The dataset contains 4825 ham and 747 spam messages.  
For both classes, some messages appear more than once (common phrases, etc.).

In [None]:
data.label.value_counts()

In [None]:
data.label.value_counts().plot.bar();

### Add numerical label for spam   
Target must be numerical for ML classification models

In [None]:
data['spam'] = data['label'].map( {'spam': 1, 'ham': 0} ).astype(int)
data.head(15)

### 1.2 length of message

### Add feature: length of message

In [None]:
data['length'] = data['text'].apply(len)

In [None]:
data.head(10)

In [None]:
data.hist(column='length',by='label',bins=60,figsize=(12,4));
plt.xlim(-40,950);

Looks like spam messages are generally longer than ham messages:  
Bulk of ham has length below 100, for spam it is above 100.  
We will check if this feature is useful for the classification task in Part 3.  

In [None]:
data_ham  = data[data['spam'] == 0].copy()
data_spam = data[data['spam'] == 1].copy()

### 1.3 WordClouds

In [None]:
def show_wordcloud(data_spam_or_ham, title):
    text = ' '.join(data_spam_or_ham['text'].astype(str).tolist())
    stopwords = set(wordcloud.STOPWORDS)
    
    fig_wordcloud = wordcloud.WordCloud(stopwords=stopwords,background_color='lightgrey',
                    colormap='viridis', width=800, height=600).generate(text)
    
    plt.figure(figsize=(10,7), frameon=True)
    plt.imshow(fig_wordcloud)  
    plt.axis('off')
    plt.title(title, fontsize=20 )
    plt.show()

### WordCloud: Ham messages

In [None]:
show_wordcloud(data_ham, "Ham messages")

### WordCloud: Spam messages

In [None]:
show_wordcloud(data_spam, "Spam messages")
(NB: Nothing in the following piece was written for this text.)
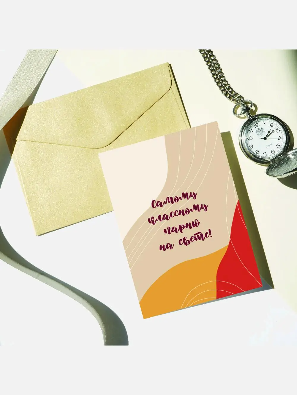 Стильная авторская открытка с надписью «Самому классному парню на свете» стандартного почтового размера: 100*150 мм. Минималистичный принт открытки со словами поздравлений и свободное место для подписи на обратной стороне делают её идеальным дополнением к любому подарку. Также для вашего удобства открытка упакована в индивидуальный крафтовый конверт. Печать выполнена на матовом картоне плотностью 300 г/м, что делает открытку более прочной и устойчивой к сгибам и другим внешним повреждениям.

# **Part 2: Preprocessing**

**Basic preprocessing for common NLP tasks includes converting text to lowercase and removing punctuation and stopwords.**  
**Further steps, especially for text classification tasks, are:**  
* Tokenization
* Vectorization and 
* TF-IDF weighting  

**Lets apply these approaches on the SMS messages.**

## 2.1 Remove Punctuation and Stopwords

### Punctuation
**We use the punctuation list from the string library:**

In [None]:
import string
string.punctuation

### Stopwords  
from sklearn documentation:  https://scikit-learn.org/stable/modules/feature_extraction.html#stop-words  
Stop words are words like “and”, “the”, “him”, which are presumed to be uninformative in representing the content of a text,   
and which may be removed to avoid them being construed as signal for prediction.  
Sometimes, however, similar words are useful for prediction, such as in classifying writing style or personality.  
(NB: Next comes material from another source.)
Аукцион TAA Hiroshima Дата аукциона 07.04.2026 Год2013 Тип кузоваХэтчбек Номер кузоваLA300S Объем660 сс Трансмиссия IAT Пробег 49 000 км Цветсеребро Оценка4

Due to the known issues in the ’english’ stop word list of sklearn, we use the stopwords from NLTK:

**NLTK**

In [None]:
from nltk.corpus import stopwords
stopwords.words("english")[100:110]

**With the above lists for punctuation characters and stop words, we define a function to remove these from the text**  
**This function also converts all text to lowercase**

In [None]:
def remove_punctuation_and_stopwords(sms):
    
    sms_no_punctuation = [ch for ch in sms if ch not in string.punctuation]
    sms_no_punctuation = "".join(sms_no_punctuation).split()
    
    sms_no_punctuation_no_stopwords = \
        [word.lower() for word in sms_no_punctuation if word.lower() not in stopwords.words("english")]
        
    return sms_no_punctuation_no_stopwords

In [None]:
data['text'].apply(remove_punctuation_and_stopwords).head()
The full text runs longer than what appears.